Provided records:
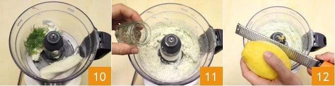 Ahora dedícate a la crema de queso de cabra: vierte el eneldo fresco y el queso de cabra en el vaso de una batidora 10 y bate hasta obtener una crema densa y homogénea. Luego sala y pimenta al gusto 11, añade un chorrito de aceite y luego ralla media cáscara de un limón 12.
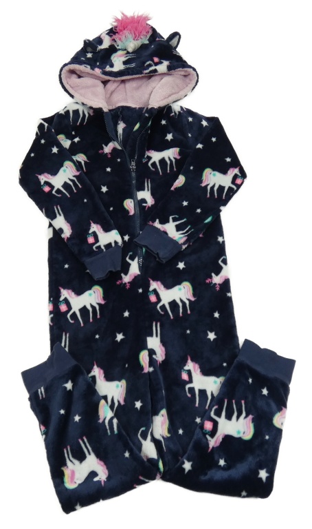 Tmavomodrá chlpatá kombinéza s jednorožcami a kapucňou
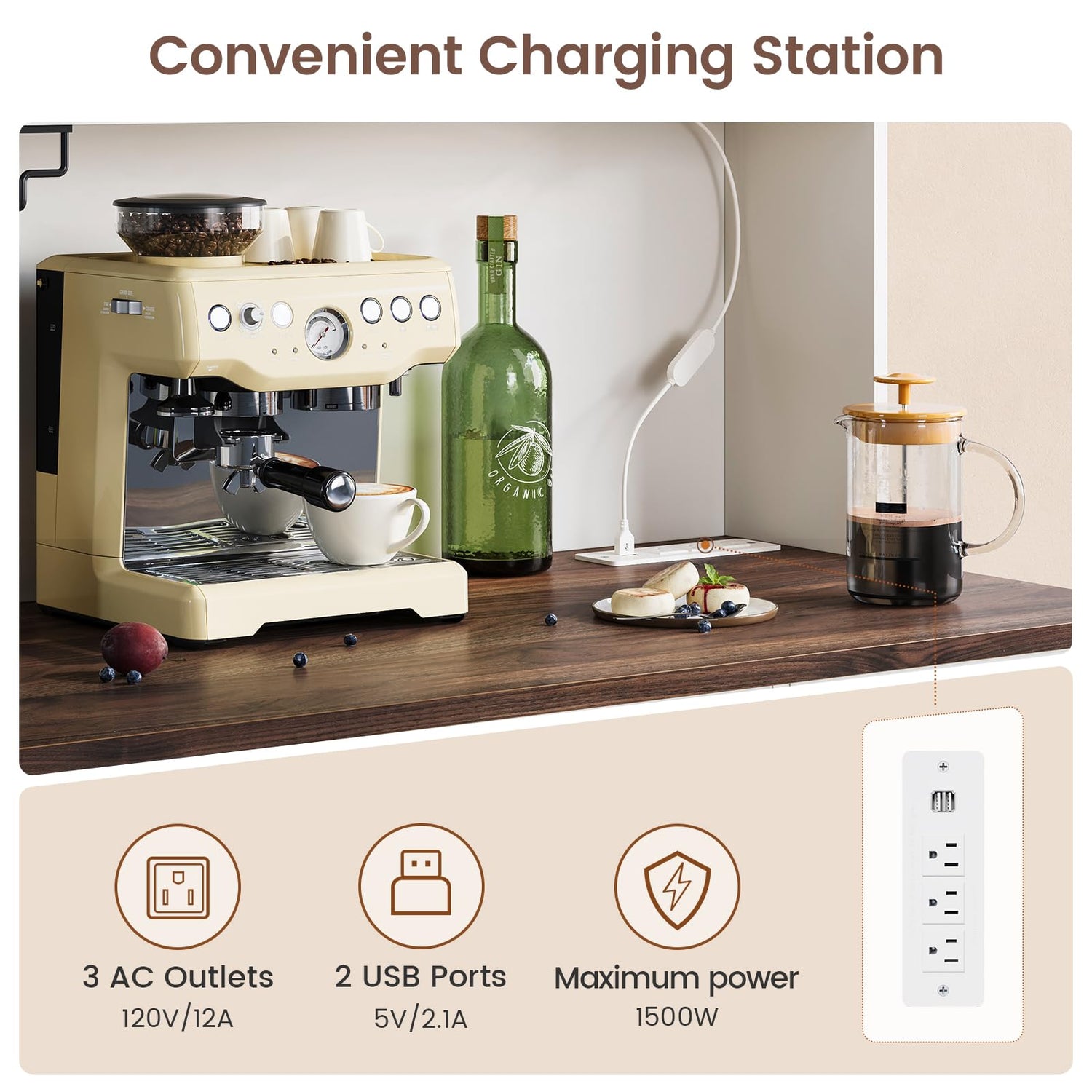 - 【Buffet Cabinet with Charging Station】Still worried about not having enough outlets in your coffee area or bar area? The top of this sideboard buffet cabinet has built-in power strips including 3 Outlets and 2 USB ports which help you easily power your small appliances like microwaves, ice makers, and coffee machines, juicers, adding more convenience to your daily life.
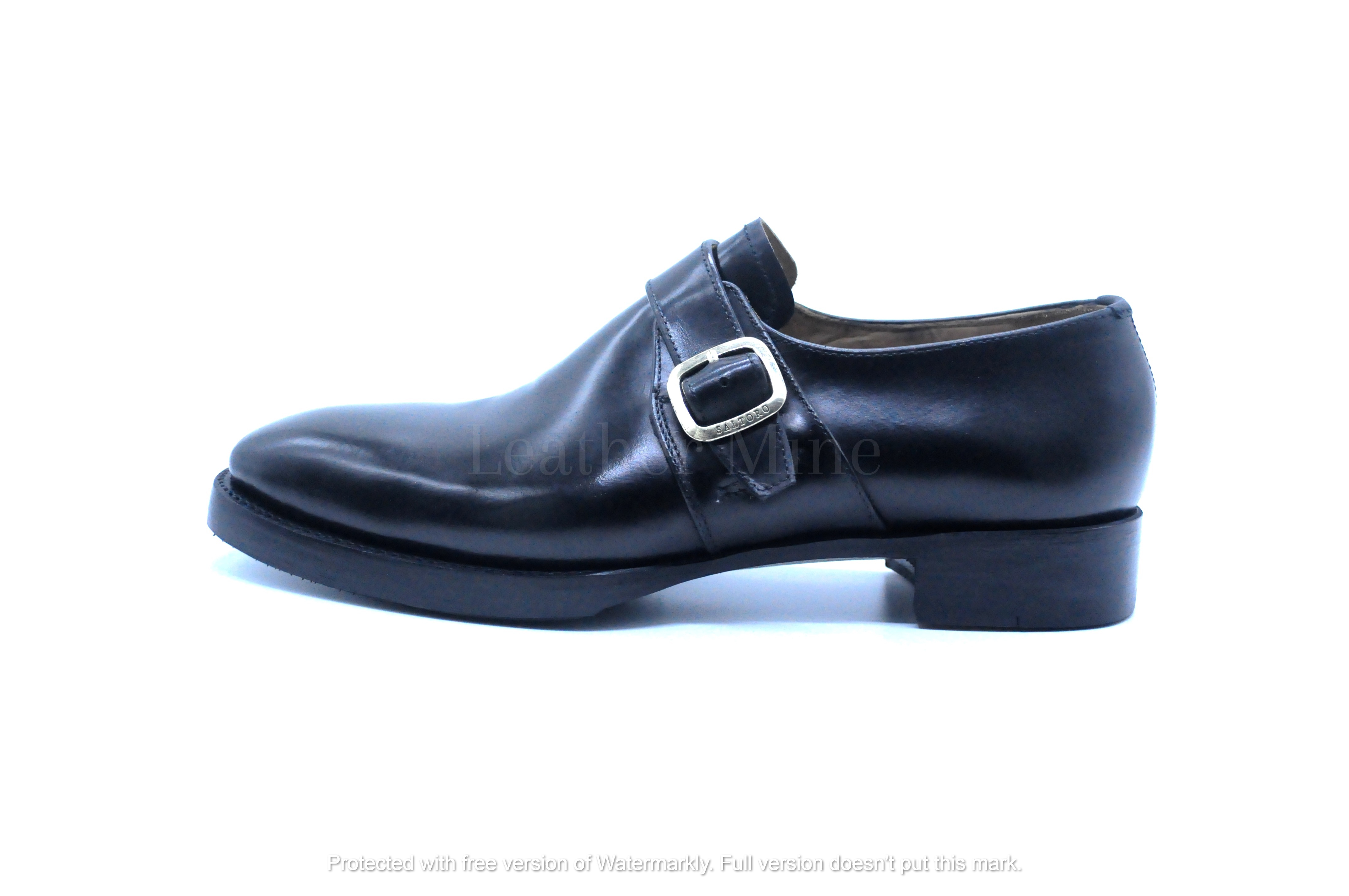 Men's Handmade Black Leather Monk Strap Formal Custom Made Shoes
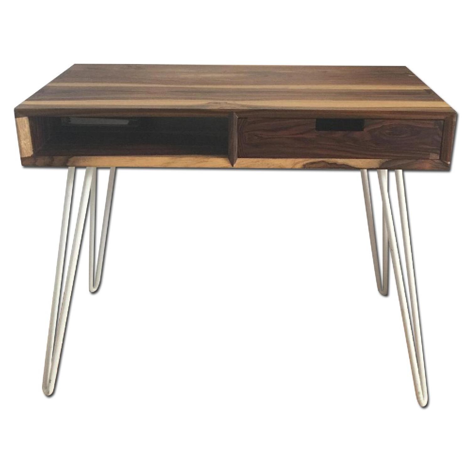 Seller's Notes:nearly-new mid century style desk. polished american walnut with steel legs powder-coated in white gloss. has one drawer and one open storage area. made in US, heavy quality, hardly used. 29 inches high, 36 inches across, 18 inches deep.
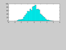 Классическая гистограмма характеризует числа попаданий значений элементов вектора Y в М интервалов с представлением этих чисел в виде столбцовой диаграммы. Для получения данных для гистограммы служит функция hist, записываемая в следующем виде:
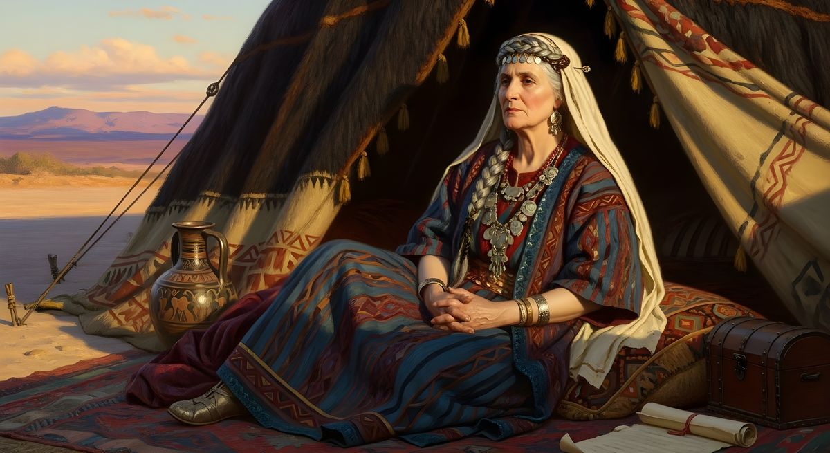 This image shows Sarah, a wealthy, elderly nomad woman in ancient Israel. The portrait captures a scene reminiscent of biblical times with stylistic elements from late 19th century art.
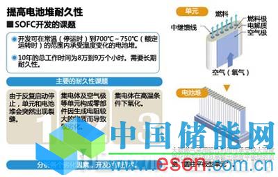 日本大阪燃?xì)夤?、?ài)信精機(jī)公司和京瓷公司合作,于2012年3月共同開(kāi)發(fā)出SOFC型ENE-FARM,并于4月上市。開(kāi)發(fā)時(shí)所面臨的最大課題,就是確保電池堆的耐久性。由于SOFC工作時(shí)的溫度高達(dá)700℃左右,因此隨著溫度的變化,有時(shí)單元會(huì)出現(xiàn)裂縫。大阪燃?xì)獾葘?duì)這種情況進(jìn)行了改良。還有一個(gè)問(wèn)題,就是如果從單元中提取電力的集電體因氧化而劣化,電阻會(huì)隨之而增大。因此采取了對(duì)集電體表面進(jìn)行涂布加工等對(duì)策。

How to complete this task:
Every line from the one holding "Классическая гистограмма характеризует" to the last line of the listing above, inclusive, must appear exactly as written, and no picture may appear.

Answer section:
 Классическая гистограмма характеризует числа попаданий значений элементов вектора Y в М интервалов с представлением этих чисел в виде столбцовой диаграммы. Для получения данных для гистограммы служит функция hist, записываемая в следующем виде:
 This image shows Sarah, a wealthy, elderly nomad woman in ancient Israel. The portrait captures a scene reminiscent of biblical times with stylistic elements from late 19th century art.
 日本大阪燃?xì)夤?、?ài)信精機(jī)公司和京瓷公司合作,于2012年3月共同開(kāi)發(fā)出SOFC型ENE-FARM,并于4月上市。開(kāi)發(fā)時(shí)所面臨的最大課題,就是確保電池堆的耐久性。由于SOFC工作時(shí)的溫度高達(dá)700℃左右,因此隨著溫度的變化,有時(shí)單元會(huì)出現(xiàn)裂縫。大阪燃?xì)獾葘?duì)這種情況進(jìn)行了改良。還有一個(gè)問(wèn)題,就是如果從單元中提取電力的集電體因氧化而劣化,電阻會(huì)隨之而增大。因此采取了對(duì)集電體表面進(jìn)行涂布加工等對(duì)策。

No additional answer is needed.